Für den deutschen Fußball ist Lahms Demission ein herber Verlust. Er debütierte 2004, spielte sechs große Turniere, war Kapitän der Weltmeistermannschaft und eine der wichtigsten Führungsfiguren im Team. Ein eher stiller Anführer, kein Redenschwinger. Aber bei den Mitspielern hochgeachtet. Gerade die jüngeren Spieler suchten das Gespräch mit ihm. Er war ein Integrator, der die Mannschaft als eine Einheit sah, nicht als Stückwerk aus Einzelspielern. Herber noch als der Verlust eines Leitwolfs ist Lahms Rücktritt in sportlicher Hinsicht. Er war der begabteste Defensivspieler im Team, flexibel einsetzbar und technisch nah an der Perfektion. Die WM 2014 ist das beste Beispiel dafür. In der Vorrunde brachte Bundestrainer Joachim Löw ihn als Sechser im defensiven Mittelfeld, beorderte ihn dann nach dem Achtelfinale gegen Algerien zurück auf die rechte Abwehrseite.

Auf beiden Positionen spielte er mit jener unglaublichen Abgeklärtheit, die schon immer sein Markenzeichen war. Er ist kein Zampano, der seinen Gegner mit dreifachem Übersteiger verhöhnen will. Seine Qualität liegt in seiner Fehlerlosigkeit: Lahm unterlaufen kaum Fehlpässe, er ist im Dribbling kaum vom Ball zu trennen, hat eine überragende Übersicht.

Sportlich ist er nicht gleichwertig zu ersetzen, diese bittere Erkenntnis muss Joachim Löw jetzt schlucken. Zwar werden die Positionen, auf denen Lahm spielen konnte, anderweitig besetzt. Jerome Boateng wird wohl wieder hinten rechts spielen, als Doppelsechs stehen weiterhin Schweinsteiger und Khedira bereit. Doch jene Flexibilität, die Lahm garantierte, wird es nicht mehr geben. Er war der einzige Weltstar, den Deutschland auf einer Abwehr-Außenposition hatte.

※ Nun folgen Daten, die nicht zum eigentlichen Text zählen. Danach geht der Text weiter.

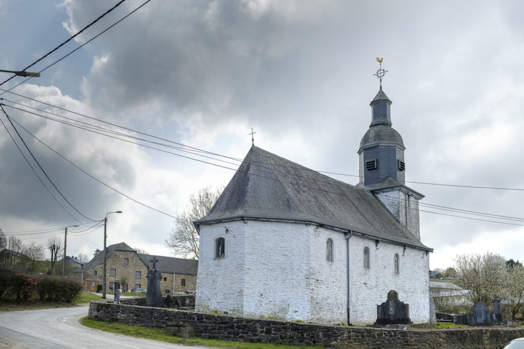 La chapelle des Saints-Anges Gardiens doit avoir été bâtie en 1707 et a été restaurée en 1861. Ce sanctuaire mononef en moellons blanchis de 1707 est relativement isolé et caractéristique dans son cimetière emmuraillé. Sa particularité est sa couleur blanche extérieure. La construction est harmonieusement sommée par un clocheton octogonal à deux étages. Son mobilier est remarquable, il comprend des statues du XVIIIème siècle et une théothèque remontant au gothique tardif. La chapelle, le mur d’enceinte et les alentours ont été classés en 1978.

In die emotionale Bresche wird nun wohl Lahms Vereinskamerad Bastian Schweinsteiger springen. Er ist der logische Nachfolger als Kapitän. Löw hatte ihn ja bereits zum „Emotional Leader“ ausgerufen. Nun wird er aller Voraussicht nach die Binde übernehmen, die Lahm 2010 von Michael Ballack geerbt hatte. Damals, in Südafrika, hatte der sonst so brav wirkende Lahm Zähne gezeigt. In Abwesenheit von „Capitano“ Ballack rüttelte er an der Überfigur. „Die Rolle des Kapitäns macht mir sehr viel Spaß. Ich habe Freude daran. Wieso sollte ich das Amt freiwillig abgeben?“, sagte er noch während der WM.

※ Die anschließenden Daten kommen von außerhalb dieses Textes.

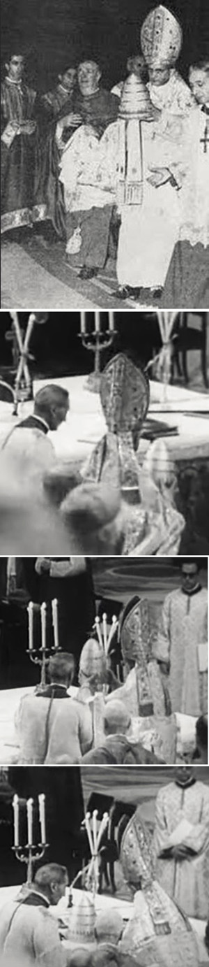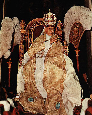 Porque aunque no abolió la ceremonia de coronación –de hecho, la mantuvo específicamente (10)–, daba la impresión de que renunciaba a su soberanía no sólo sobre la Iglesia sino también sobre los reyes y reinas terrenales; mientras que al mismo tiempo permitía que los progresistas en el Concilio que desafiaron la supremacía papal creyeran que sus ideas subversivas algún día serían legítimamente aprobadas por la Iglesia.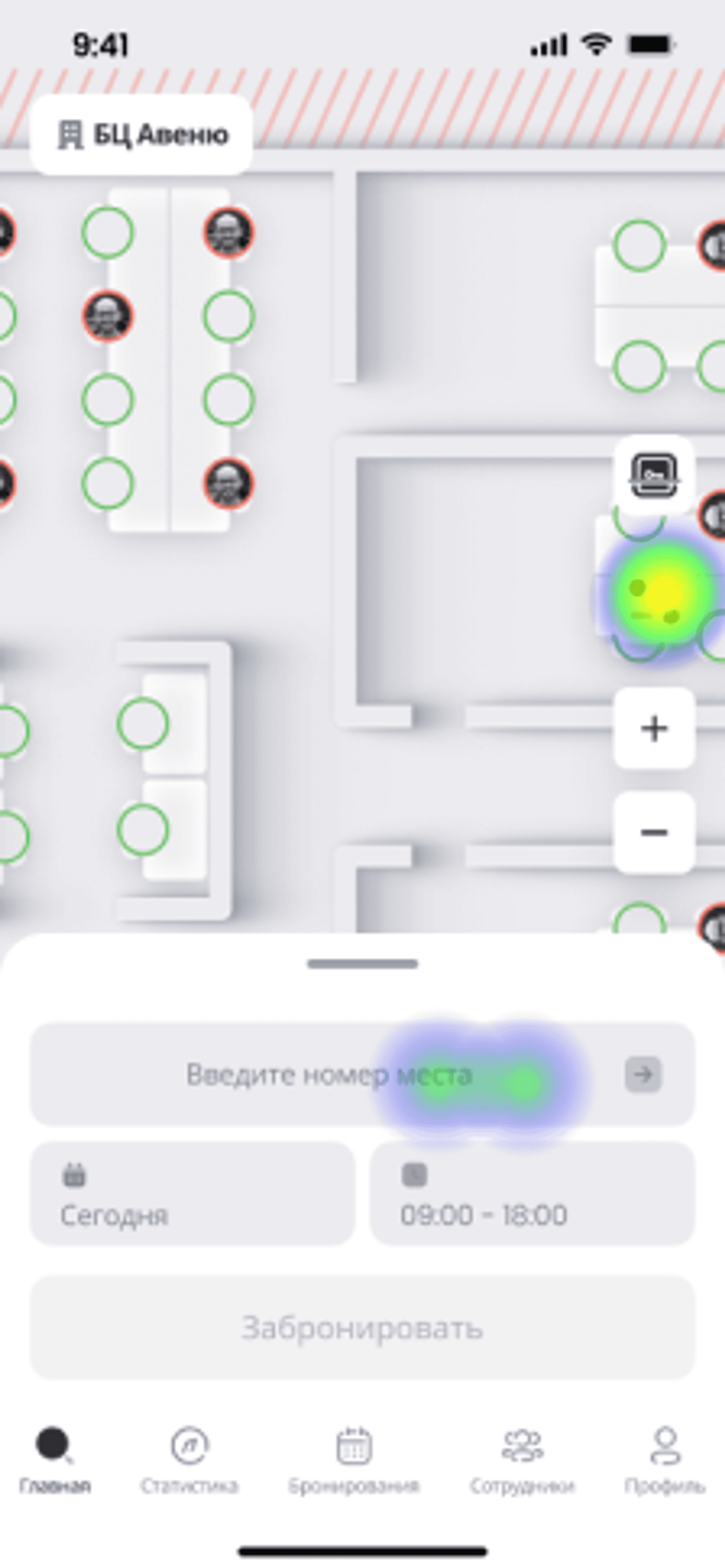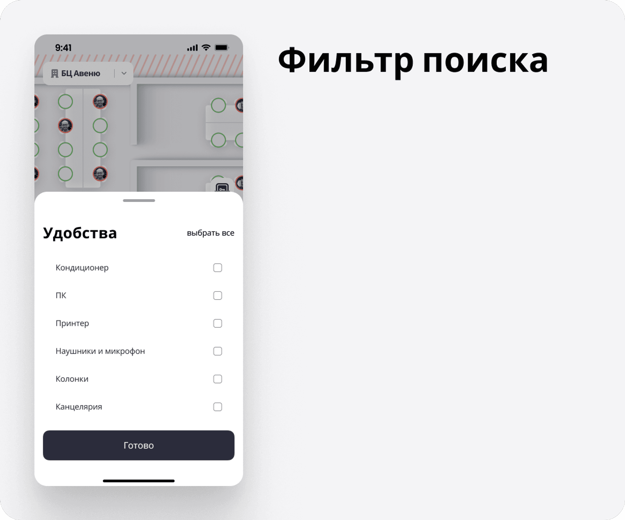 Перед вами карта офиса со всеми рабочими местами. Где вы нажмите, чтобы отфильтровать рабочие места?

Ballack kam nie wieder, ging in die Fußballgeschichte ein als „Unvollendeter“, der nie einen großen internationalen Titel gewonnen hat. Lahm aber führte die Nationalmannschaft anschließend ins Halbfinale der Europameisterschaft 2012 und zwei Jahre später zum WM-Titel. Zwischenzeitlich gewann er mit dem FC Bayern auch die Champions League. Nun ist er nach 113 Länderspielen zurückgetreten. Er geht als Vollendeter, als „Anti-Ballack“. Der deutsche Fußball wird ihn vermissen. Gut möglich, dass der Deutsche Fußball-Bund ihn beizeiten zum Ehrenspielführer ernennen und ihm ein großes Abschiedsspiel widmen wird.